Aim of the exercise.
Return the lines of the listing below exactly as they appear, beginning at the one with "문희상 국회의장이 12일" and stopping after the one with "A glamour striking"; do not include pictures.

Supplied information.

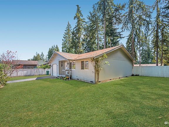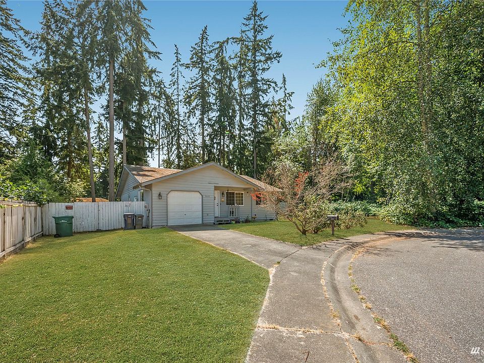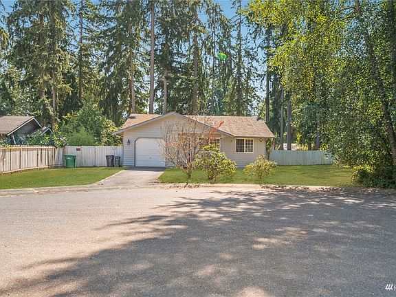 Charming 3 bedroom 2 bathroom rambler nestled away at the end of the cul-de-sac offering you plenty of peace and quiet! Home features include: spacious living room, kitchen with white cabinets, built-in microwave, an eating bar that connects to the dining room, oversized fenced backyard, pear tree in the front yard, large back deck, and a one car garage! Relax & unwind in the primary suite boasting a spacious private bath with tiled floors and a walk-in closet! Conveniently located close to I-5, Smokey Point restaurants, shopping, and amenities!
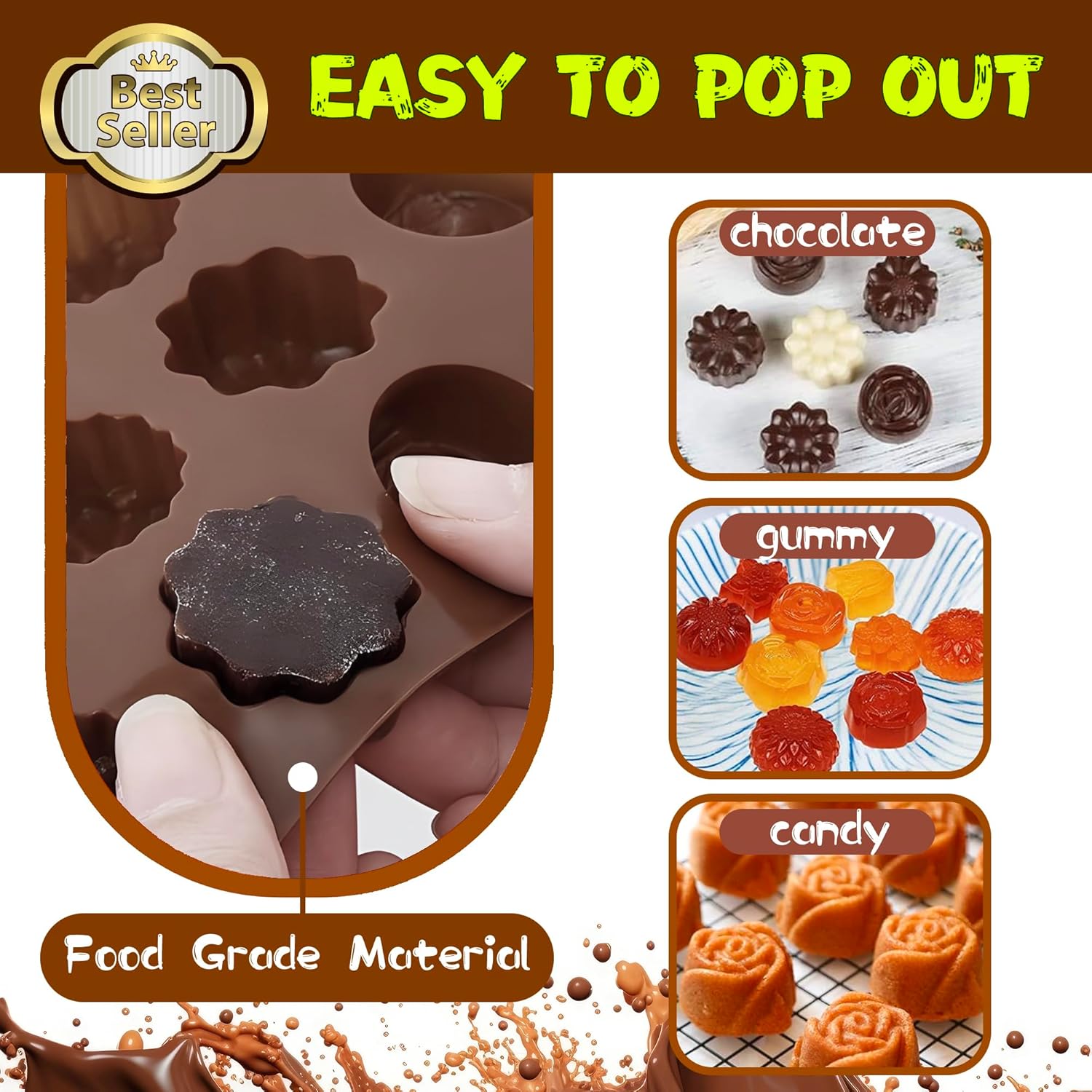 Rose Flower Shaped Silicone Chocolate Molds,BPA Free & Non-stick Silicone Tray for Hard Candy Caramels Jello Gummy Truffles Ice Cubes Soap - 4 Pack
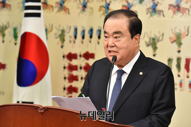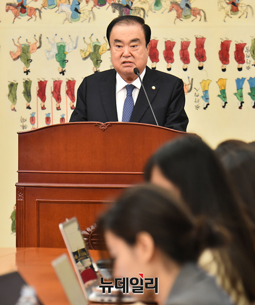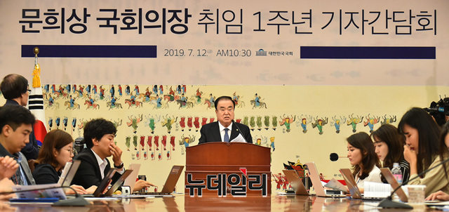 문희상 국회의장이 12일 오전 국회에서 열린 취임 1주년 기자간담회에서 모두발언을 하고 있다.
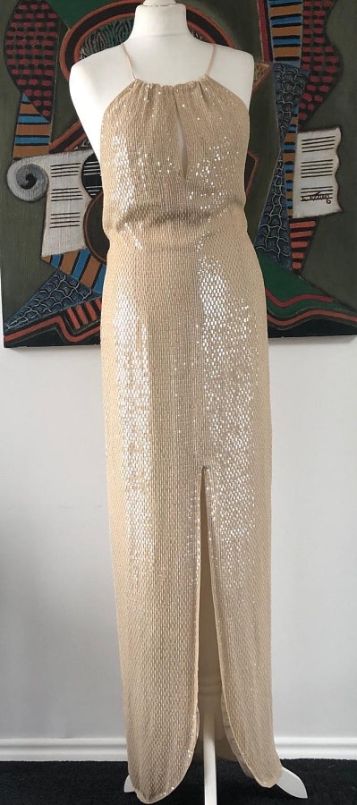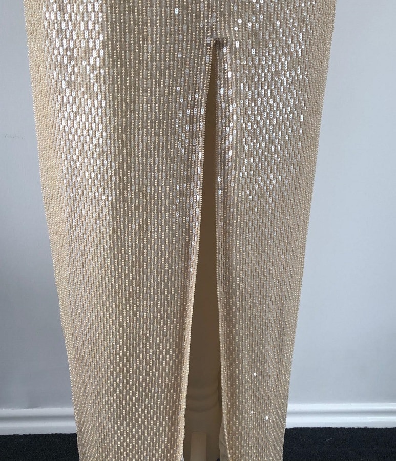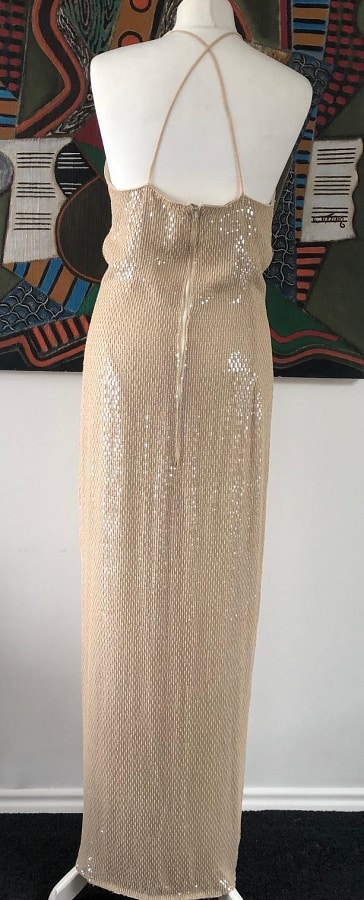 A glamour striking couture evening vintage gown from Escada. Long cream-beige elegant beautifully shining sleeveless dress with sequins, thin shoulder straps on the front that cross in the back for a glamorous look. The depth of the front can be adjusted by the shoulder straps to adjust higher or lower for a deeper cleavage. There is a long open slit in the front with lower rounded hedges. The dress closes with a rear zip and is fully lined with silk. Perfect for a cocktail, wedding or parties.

* * *

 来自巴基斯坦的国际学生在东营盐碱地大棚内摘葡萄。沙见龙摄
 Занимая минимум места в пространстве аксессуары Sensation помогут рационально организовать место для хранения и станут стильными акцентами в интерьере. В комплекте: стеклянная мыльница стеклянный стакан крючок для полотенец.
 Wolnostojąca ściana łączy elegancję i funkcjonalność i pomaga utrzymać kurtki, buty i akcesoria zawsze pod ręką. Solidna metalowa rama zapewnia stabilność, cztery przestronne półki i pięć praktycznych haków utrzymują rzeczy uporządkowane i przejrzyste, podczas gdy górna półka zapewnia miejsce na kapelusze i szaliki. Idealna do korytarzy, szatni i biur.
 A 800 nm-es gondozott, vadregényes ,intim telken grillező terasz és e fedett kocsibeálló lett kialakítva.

Task response.
 문희상 국회의장이 12일 오전 국회에서 열린 취임 1주년 기자간담회에서 모두발언을 하고 있다.
 A glamour striking couture evening vintage gown from Escada. Long cream-beige elegant beautifully shining sleeveless dress with sequins, thin shoulder straps on the front that cross in the back for a glamorous look. The depth of the front can be adjusted by the shoulder straps to adjust higher or lower for a deeper cleavage. There is a long open slit in the front with lower rounded hedges. The dress closes with a rear zip and is fully lined with silk. Perfect for a cocktail, wedding or parties.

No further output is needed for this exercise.